● Task item
Leaving out any pictures, transcribe every record exactly.

● Stored items from a collection
<<<<

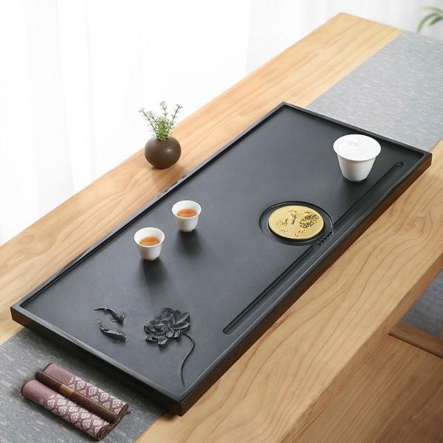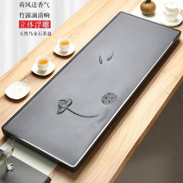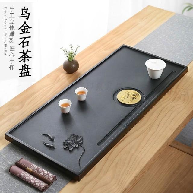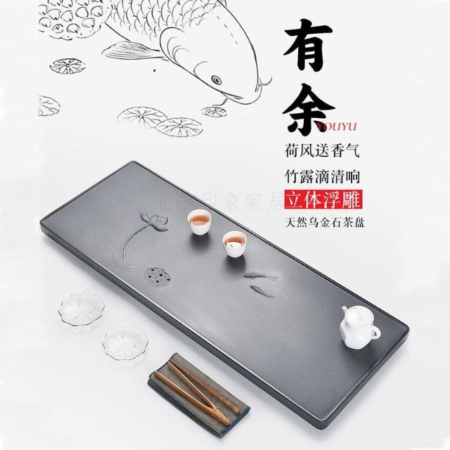 免運 可開發票 天然整塊烏金石頭茶盤傢用幹泡簡約茶臺泡茶石闆浮鵰茶海託盤茶具
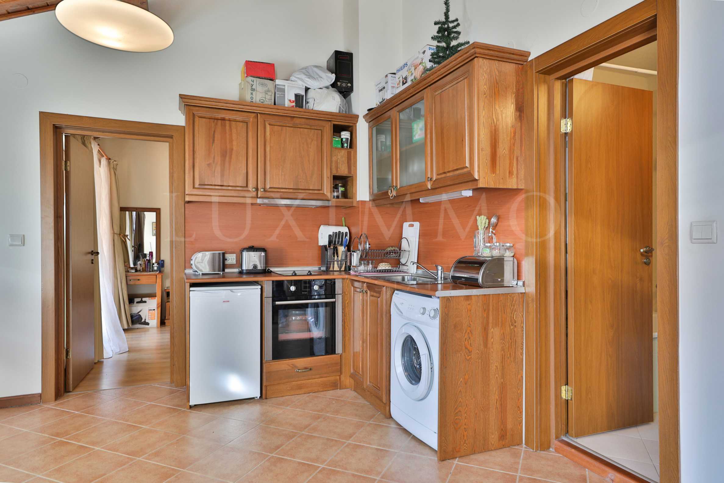 Апартаментът е разположен на четвърти етаж с обща площ от 83.80 кв.м ,чиста площ от 75.40 кв.м, южно изложение. Жилищната площ се разпределя между дневна с кухненски бокс, спалня, баня с тоалетна и вана, две тераси с гледка към планината и вътрешния двор с басейн. Модерно оборудваната кухня включва печка, аспиратор, мивка, хладилник, тостер, пералня; останалото обзавеждане - гардероб, диван и фотьйол, телевизор,трапезарна маса, 4 стола за хранене, спалня, нощни шкафчета, тоалетка с огледало. Апартаментът е снабден е с телефон, кабелна телевизия, интернет и СОТ.
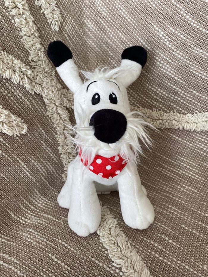 Peluche doudou 18cm Astérix et obélix chien idefix blanc et bandana rouge à pois parfait état - photo numéro 1
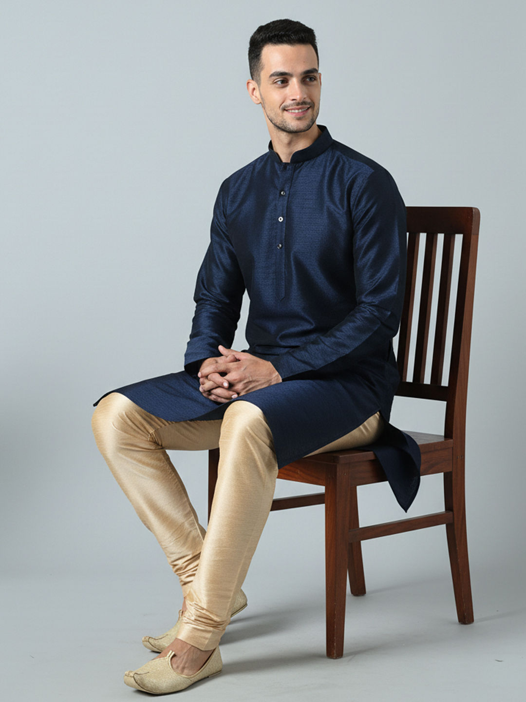 Dupion Silk Festive Kurta Pyjamas in Blue with Embroidered work
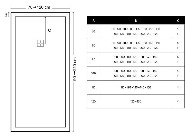 - Szerokość: 70 => 120 cm
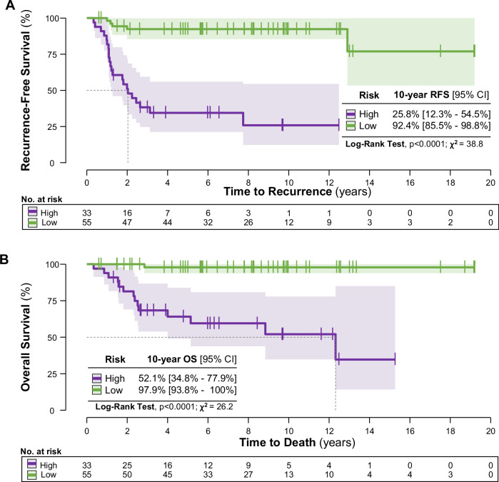Survivors of early-onset colorectal cancer (EOCRC, i.e., diagnosed before age 50) are likely to experience recurrence after completing treatment. In this international, multi-centric, phase I-II-III EDRN biomarker study, we identified a panel of tumor-derived biomarkers of EOCRC recurrence. We then trained and independently validated a machine learning model (XGBoost) to predict 5-year recurrence-free and overall survival (RFS and OS) of patients with stage I-III EOCRC. Patients with "low-risk" EOCRC demonstrated statistically higher rates of 2-, 5-, and 10 year RFS in both the training cohort (51.0 vs. 92.4%; 34.4% vs. 92.4%; 25.8% vs. 92.4%, respectively; p < 0.0001) and the validation cohort (78.9% vs. 100.0%; 75.0% vs. 100.0%; 75.0% vs. 100.0%, respectively; p = 0.0019). We also report a significant reduction in both over-treatment and missed recurrences compared to current clinically available options. This tissue-based, machine learning-powered assay was prognostic of long-term RFS and OS outcomes after curative-intent treatment of EOCRC (ENCORE was first registered on ClinicalTrial.gov [ID: NCT06271980] on February 15th, 2024).
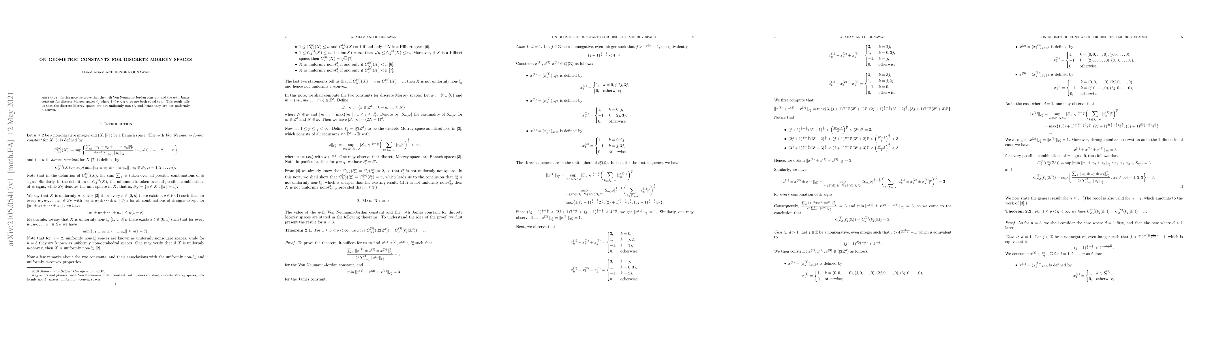 This paper proves that the $n$-th Von Neumann-Jordan constant and the $n$-th James constant for discrete Morrey spaces $\ell^p_q$ are both equal to $n$, indicating these spaces are not uniformly non-$\ell^1$ and thus not uniformly $n$-convex.
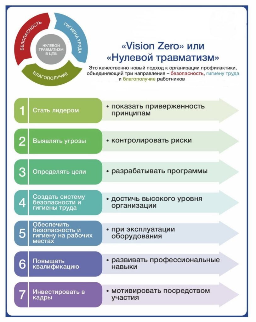 «Vision Zero» или «Нулевой травматизм» – это качественно новый подход к организации профилактики, объединяющий три направления – безопасность, гигиену труда и благополучие работников на всех уровнях производства. Благодаря своей гибкости «Vision Zero» может применяться на любом месте работы, в любой организации и в любой отрасли во всех регионах мира.
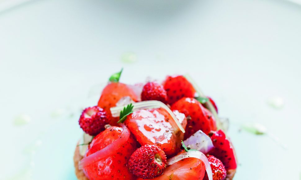 Mettez 150 g de sucre et les fraises dans un saladier bien filmé et faites cuire au bain-marie, dans une casserole remplie d’eau, pendant environ 2 h, puis passez au chinois. Faites chauffer le jus et incorporez le sucre mélangé à la pectine NH, portez à ébullition, puis réservez au frais.
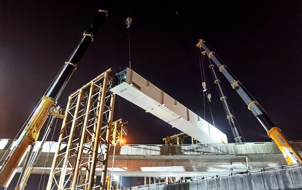 暢通南二環項目順利推進主線橋鋼箱梁架設
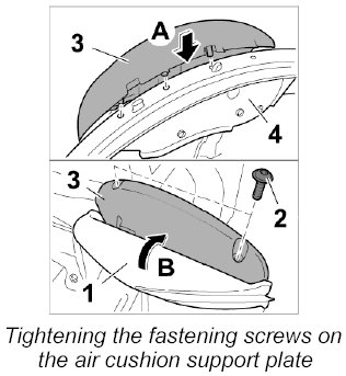 4. Fasten the air cushion support plate -3- with the two fastening screws -2-.
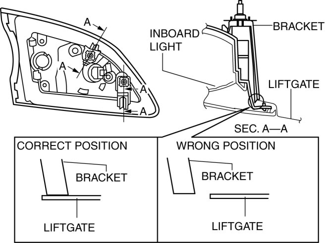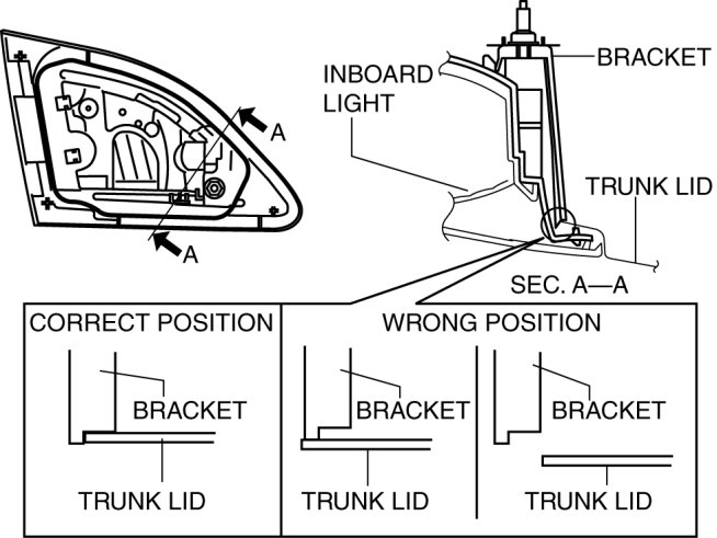 7. Install in the reverse order of removal. (See Inboard Light Installation Note.)
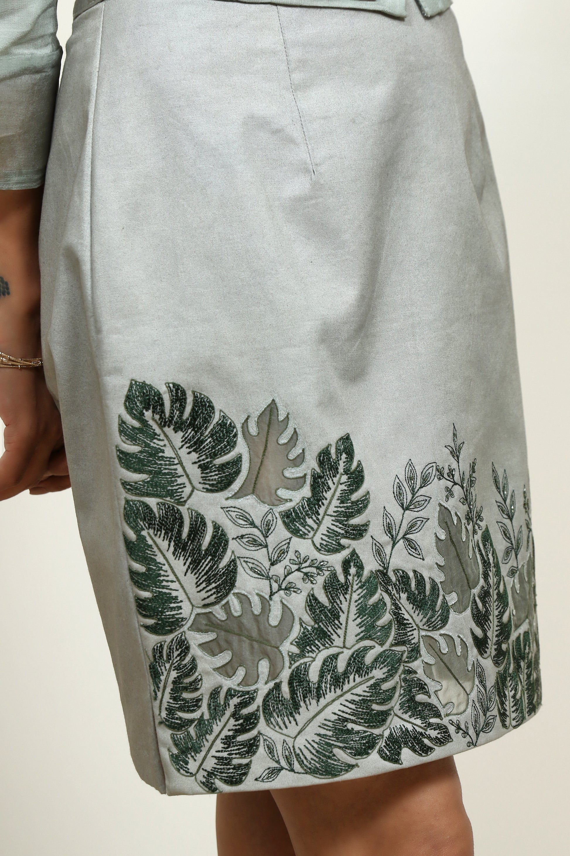 Sage green skirt featuring tonal foliage embroidery with organza insert details

>>>>

● Task output
 免運 可開發票 天然整塊烏金石頭茶盤傢用幹泡簡約茶臺泡茶石闆浮鵰茶海託盤茶具
 Апартаментът е разположен на четвърти етаж с обща площ от 83.80 кв.м ,чиста площ от 75.40 кв.м, южно изложение. Жилищната площ се разпределя между дневна с кухненски бокс, спалня, баня с тоалетна и вана, две тераси с гледка към планината и вътрешния двор с басейн. Модерно оборудваната кухня включва печка, аспиратор, мивка, хладилник, тостер, пералня; останалото обзавеждане - гардероб, диван и фотьйол, телевизор,трапезарна маса, 4 стола за хранене, спалня, нощни шкафчета, тоалетка с огледало. Апартаментът е снабден е с телефон, кабелна телевизия, интернет и СОТ.
 Peluche doudou 18cm Astérix et obélix chien idefix blanc et bandana rouge à pois parfait état - photo numéro 1
 Dupion Silk Festive Kurta Pyjamas in Blue with Embroidered work
 - Szerokość: 70 => 120 cm
Survivors of early-onset colorectal cancer (EOCRC, i.e., diagnosed before age 50) are likely to experience recurrence after completing treatment. In this international, multi-centric, phase I-II-III EDRN biomarker study, we identified a panel of tumor-derived biomarkers of EOCRC recurrence. We then trained and independently validated a machine learning model (XGBoost) to predict 5-year recurrence-free and overall survival (RFS and OS) of patients with stage I-III EOCRC. Patients with "low-risk" EOCRC demonstrated statistically higher rates of 2-, 5-, and 10 year RFS in both the training cohort (51.0 vs. 92.4%; 34.4% vs. 92.4%; 25.8% vs. 92.4%, respectively; p < 0.0001) and the validation cohort (78.9% vs. 100.0%; 75.0% vs. 100.0%; 75.0% vs. 100.0%, respectively; p = 0.0019). We also report a significant reduction in both over-treatment and missed recurrences compared to current clinically available options. This tissue-based, machine learning-powered assay was prognostic of long-term RFS and OS outcomes after curative-intent treatment of EOCRC (ENCORE was first registered on ClinicalTrial.gov [ID: NCT06271980] on February 15th, 2024).
 This paper proves that the $n$-th Von Neumann-Jordan constant and the $n$-th James constant for discrete Morrey spaces $\ell^p_q$ are both equal to $n$, indicating these spaces are not uniformly non-$\ell^1$ and thus not uniformly $n$-convex.
 «Vision Zero» или «Нулевой травматизм» – это качественно новый подход к организации профилактики, объединяющий три направления – безопасность, гигиену труда и благополучие работников на всех уровнях производства. Благодаря своей гибкости «Vision Zero» может применяться на любом месте работы, в любой организации и в любой отрасли во всех регионах мира.
 Mettez 150 g de sucre et les fraises dans un saladier bien filmé et faites cuire au bain-marie, dans une casserole remplie d’eau, pendant environ 2 h, puis passez au chinois. Faites chauffer le jus et incorporez le sucre mélangé à la pectine NH, portez à ébullition, puis réservez au frais.
 暢通南二環項目順利推進主線橋鋼箱梁架設
 4. Fasten the air cushion support plate -3- with the two fastening screws -2-.
 7. Install in the reverse order of removal. (See Inboard Light Installation Note.)
 Sage green skirt featuring tonal foliage embroidery with organza insert details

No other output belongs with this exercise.